## [PROBLEM TO SOLVE]
Repeat the data that follows in full. Do not include the pictures.

________________

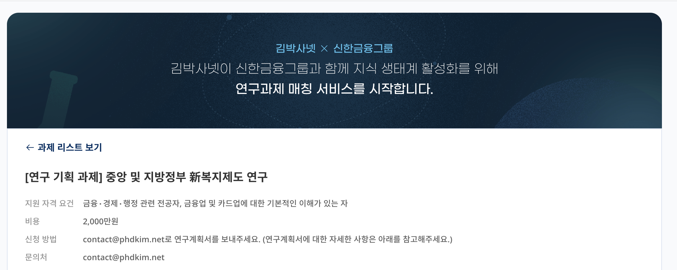 • 접수 방법 및 문의사항: contact@phdkim.net 으로 연구계획서 발송
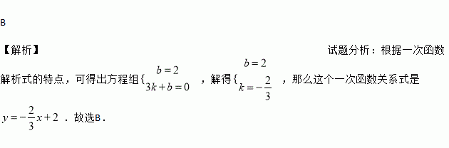 若直线y=kx+b经过A(0,2)和B(3,0)两点,那么这个一次函数的关系式是( )
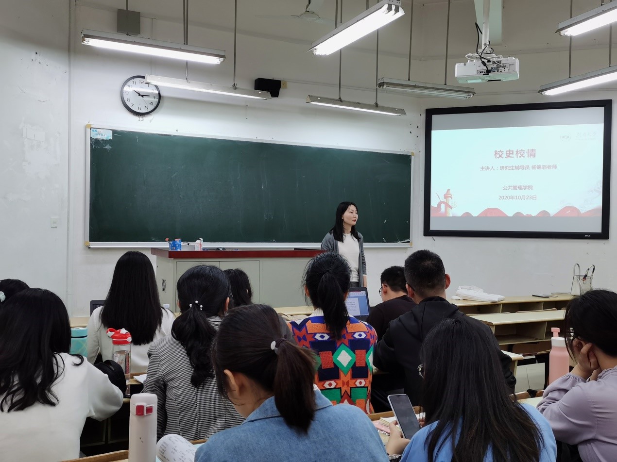 10月23日下午,bevictor伟德官网2020级研究生新生入学教育之“校史校情及校纪校规教育”讲座,在bv伟德官方网站财院校区第二教学楼304举行。本次讲座由bevictor伟德官网研究生辅导员杨锦滔老师主讲,学院全体2020级研究生参加了讲座。
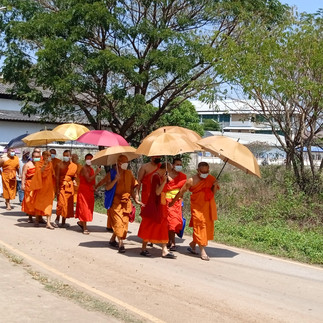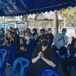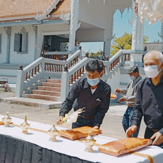 เวลา 11.00 น. ถวายภัตตาหารเพลแด่พระสงฆ์ เชิญเเขกร่วมรับประทานอาหารอาหารกลางวันร่วมกัน
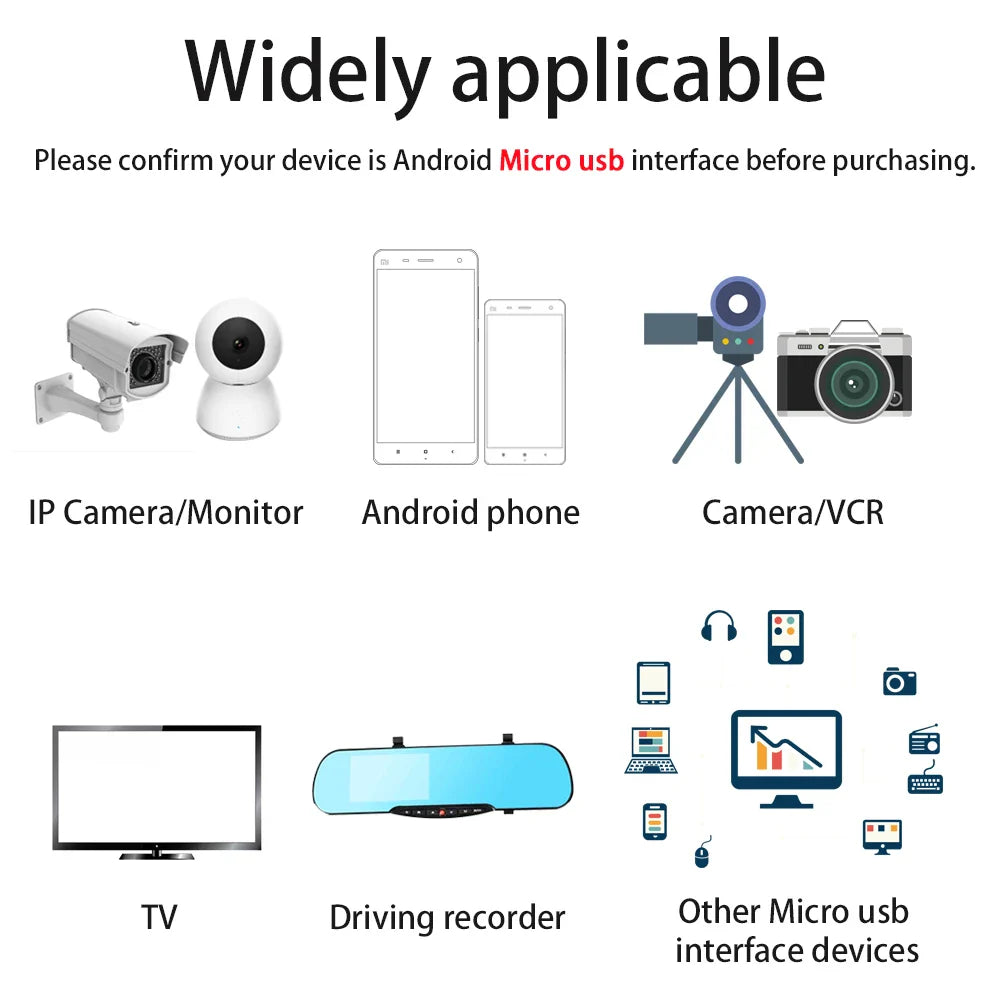 🟢Applicable To: Android Phone,IP camera,Driving recorder,CCTV,Webcam,Monitor,Camera/VCR,Other Micro USB device.etc

________________

## [RESULT FOR THIS EXERCISE]
 • 접수 방법 및 문의사항: contact@phdkim.net 으로 연구계획서 발송
 若直线y=kx+b经过A(0,2)和B(3,0)两点,那么这个一次函数的关系式是( )
 10月23日下午,bevictor伟德官网2020级研究生新生入学教育之“校史校情及校纪校规教育”讲座,在bv伟德官方网站财院校区第二教学楼304举行。本次讲座由bevictor伟德官网研究生辅导员杨锦滔老师主讲,学院全体2020级研究生参加了讲座。
 เวลา 11.00 น. ถวายภัตตาหารเพลแด่พระสงฆ์ เชิญเเขกร่วมรับประทานอาหารอาหารกลางวันร่วมกัน
 🟢Applicable To: Android Phone,IP camera,Driving recorder,CCTV,Webcam,Monitor,Camera/VCR,Other Micro USB device.etc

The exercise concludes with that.